He aquí lo que refirió en pocas palabras:

El Century, velero de tres palos, de quinientas cincuenta toneladas, del puerto de Mobile, había dejado veinte días antes la costa americana. Su tripulación se componía del capitán, Harry Steward; el segundo, John Davis, y doce hombres, comprendidos un grumete y un cocinero. Iba cargado de níquel y de objetos de pacotilla para Melbourne, Australia. Su navegación fue excelente hasta el cincuenta y cinco grado de latitud sur en el Atlántico. Sobrevino entonces la violenta borrasca que turbaba aquellos parajes desde la víspera. El Century fue sorprendido por la tempestad, y una ola enorme barrió el puente, llevándose dos marineros, a los que no se pudo salvar.

La. intención del capitán Steward había sido buscar un abrigo detrás de la Isla de los Estados, en el estrecho de Lemaire.

Por la noche redobló la violencia de la borrasca. No hubo más remedio que picar los palos.

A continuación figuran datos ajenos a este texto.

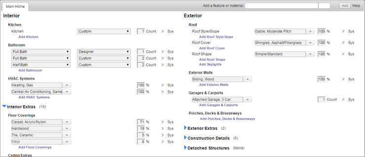 Note: Wings (sections) display on the Building Information page since all foundation materials are included on that page.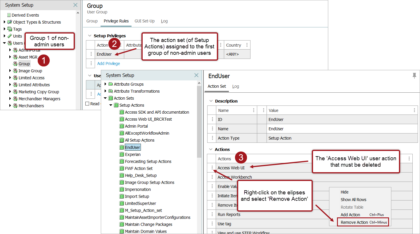 Important: If restricting user access to specific Web UIs, ensure there are no competing Action Sets set for the user group. The action set with the most generous access applies, not the Action Set with the most restrictive access.

En aquel momento, el capitán creía estar a más de veinte millas de tierra, y no creía ningún peligro en remontarse hasta el momento de divisar la luz del faro. Dejándolo entonces al sur, no corría riesgo de arrojarse sobre los arrecifes del cabo San Juan, y daría sin dificultad con el estrecho.

El Century continuó navegando con viento de popa, y Harry Steward no dudaba que antes de una hora vería la luz del faro, puesto que sus destellos tenían un radio de diez millas.

Pero el faro no lucía aquella noche, y cuando el capitán del Century se consideraba a buena distancia de la isla, prodújose un choque espantoso, y todos se sintieron lanzado» al mar y envueltos en la resaca, sin que pudieran salvarse.

Solamente el segundo de a bordo, gracias a Vázquez, había podido escapar a la muerte.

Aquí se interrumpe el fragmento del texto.